Туман редеет. Дунуло солнце, и белое облако зашевелилось, заколыхалось, по нему, ширясь, поползли тени.

Тени-дыры.

— А чтоб тебе! — Кландух хлопнул рукой по колену. Это относилось к ели, которая вынырнула из облака. Она показала лишь свою верхушку. Остальная часть погружена в белую пену.

Какая-то сила оторвала туман от подножья горы и погнала в середину долины, к реке. И там, над Кисуцей, он остановился — еще гуще и белее прежнего.

Показалась мельница, колесо.

— Не крутится. — Кландух рассмеялся. — Если б крутилось, я б услыхал.

Дорога, извиваясь, сбегает вниз по склону и тянется к мельнице, прямо к дверям мельникова дома. И находился же по ней Кландух! Вверх и вниз. Дальше она идет к мостику, повисшему над рекой. Мостика не видно.

Долина оживает, туман редеет, отступает перед солнцем, стелется по земле, по глади реки и куда-то девается.

— Ясный будет день. Туман садится, — замечает Кландух. Весь этот огромный мир, который он видит перед собой, притягивает, волнует его, и он не может вволю наглядеться на него. Вон погнали коров на пастбище. Стада длинной чередой спускаются к молодому ельнику. Его старшему сыну тоже пора бы выгнать скотину. Пора…

— А, вот и он. — Кландух прислушивается к звону колокольцев позади себя и испытывает удовлетворение.

— Хорошие у меня дети. Послушные.

Две женщины несут к Кисуце полное корыто белья. Полоскать, значит. Ну да, полоскать, потому что… у одной под мышкой скамеечка.

— Ну да, скамеечка. Будут полоскать. Опустили корыто, а та, что со скамеечкой, поставила ее на траву и села на нее.

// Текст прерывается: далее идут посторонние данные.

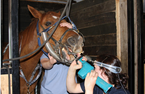 Routine dental exams and floating are of utmost importance to maintain your horse's health and optimize performance. It is recommended that your horse have a dental exam with floating annually. Our veterinarians can make corrections to your horse's teeth using hand floats or a Powerfloat, depending on what work is required. We can perform extractions of wolf teeth, deciduous teeth ("caps") and cheek teeth. In addition, we are capable of taking x-rays of the head to assist with the work up of certain dental diseases.

— Глаза у меня еще хорошие, — радуется он тому, что хорошо видит и что женщина смогла сесть.

— Корыто небось тяжелое, — добавляет он сочувственно.

Туман разорвало и над полосой реки. Скрутил его воздушный вихрь и отшвырнул с глаз долой. Река заблестела, засветилось в ней солнце.

Кландух поначалу и не заметил этого, но потом… его охватило беспокойство. Туман открыл и шоссе, и оно притягивало его взгляд.

Пустое, мертвое.

Он помнит, как, бывало, в эту пору по шоссе тянулись вереницы телег, как возчики, весело перекрикиваясь, обгоняли друг друга, и телеги неслись в одном направлении — к городу. Не погоняли лошадей лишь те, что везли на лесопилку белые, окоренные ели. Они только взмахивали кнутом, приветствуя возчиков, спешивших в город, а сами спокойно посиживали на бревнах и оглядывались назад, следили, чтобы ребятишки не висли на тонких концах стволов, которые вздрагивали, подпрыгивая на неровной дороге. Кландух хорошо это помнит.